Anyone familiar with the beautiful city of Denver, Colorado, will notice that I changed a few parts of downtown to suit the story. Most notably, I took Steele Street and turned it onto an alley in lower downtown, a restored historic neighborhood in the heart of Denver known as LoDo.

P
ROLOGUE

Washington, D.C.—Thursday evening

I
F HE'D HAD
a window in his office, General Buck Grant would have been staring out of it, watching the snow fall on the nation's capital while contemplating the possibility of retirement, the somewhat remoter possibility of saving his ass one more time, and the truly remote possibility of reining in the unruly crew of hotshot Special Defense Force operators under his command.

But in the L-wing of the lower basement in a World War II-era bunker complex east of the city, there wasn't a window or a snowflake to be had. He was hell-and-gone out of the loop at the Pentagon, and the reasons why had been very neatly spelled out for him—again—in the letter in his hand.

UNITED STATES DEPARTMENT OF DEFENSE

Office of the Honorable William J. Davies

Assistant Secretary of Defense for Special Operations
and Low-Intensity Conflict

To: General Richard “Buck” Grant
Re: Special Defense Force (SDF)
Mission: Containment/Crisis

Buck,

Put a leash on your boys, now. I know we all signed off on the Colombian job, targeting the rebel forces that killed J.T. Chronopolous, but rumors are leaking out of South America faster than spin hits the fan in an election year. Your guys are running wild all the way down to Peru.
Los asesinos fantasmas
? What the hell is that? The ghost killers? Don't bother to tell me
who
it is. I narrowed it down on my own, and I want both of their butts back stateside ASAP. I've got a job for your team—top priority.

• Creed Rivera
—a ghost killer if I ever heard of one. Jesus, Buck, your jungle boy isn't even cleared for active duty, and with his psych evaluations, he might not be for a long time. Pull him out, and the next time the boiler starts up in the room next to your office, remember this.

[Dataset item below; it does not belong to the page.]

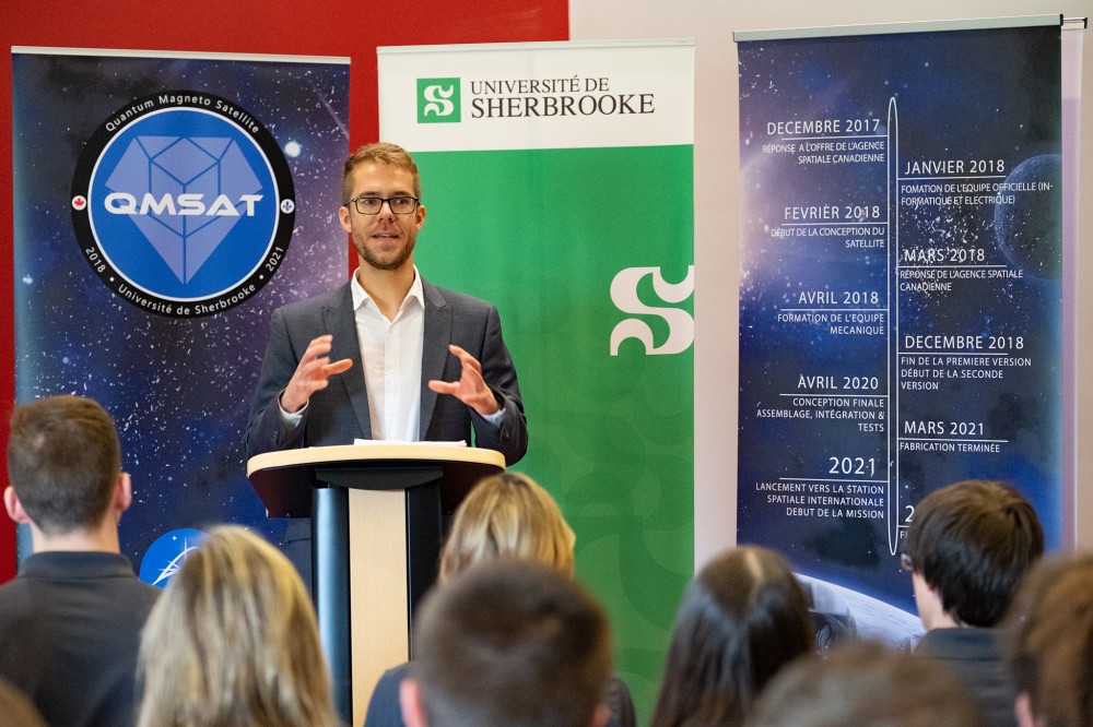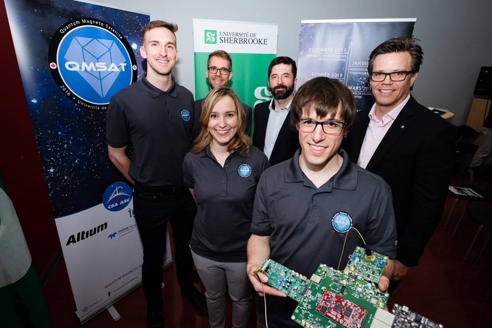 L’équipe QMSat, composée de futurs ingénieurs inscrits au baccalauréat en génie ainsi que d'étudiants d'autres facultés de l’Université de Sherbrooke a obtenu l’une des 15 subventions de plus de 200 000 dollars sur trois ans, accordées par l’Agence spatiale canadienne dans le cadre de l’Initiative canadienne CubeSats. Le projet QMSat vise à démontrer une nouvelle technologie de capteur permettant de mesurer des champs magnétiques dans l’espace pour améliorer la mesure de précision des tempêtes solaires sur les communications radio, les GPS et les réseaux électriques.

• Peter “Kid Chaos” Chronopolous
—ghost killer, and obviously damned good at it, but he's running on guts, vengeance, and nothing else, which is a good way to get killed, which we can't afford. I need him in Denver.

• Christian Hawkins
—okay, I know Superman was in South America: Kid didn't take out all those murdering rebel bastards I've been hearing about on his own. But I suspect Hawkins had enough sense to come home when Rivera replaced him. If I'm wrong, make it so. I need him in Denver.

• Dylan Hart
—he's the ramrod of this wild bunch. Call him in Manila or Jakarta or wherever the hell he is, and tell him to lay down the law to these guys, get his ass on a plane, and call me on a secure line, immediately. I need him in Washington. His mission is on hold. The Colombian mission is over. I know two of the rebels are still on the loose, but tracking them down is just going to have to wait. We have a crisis on our hands.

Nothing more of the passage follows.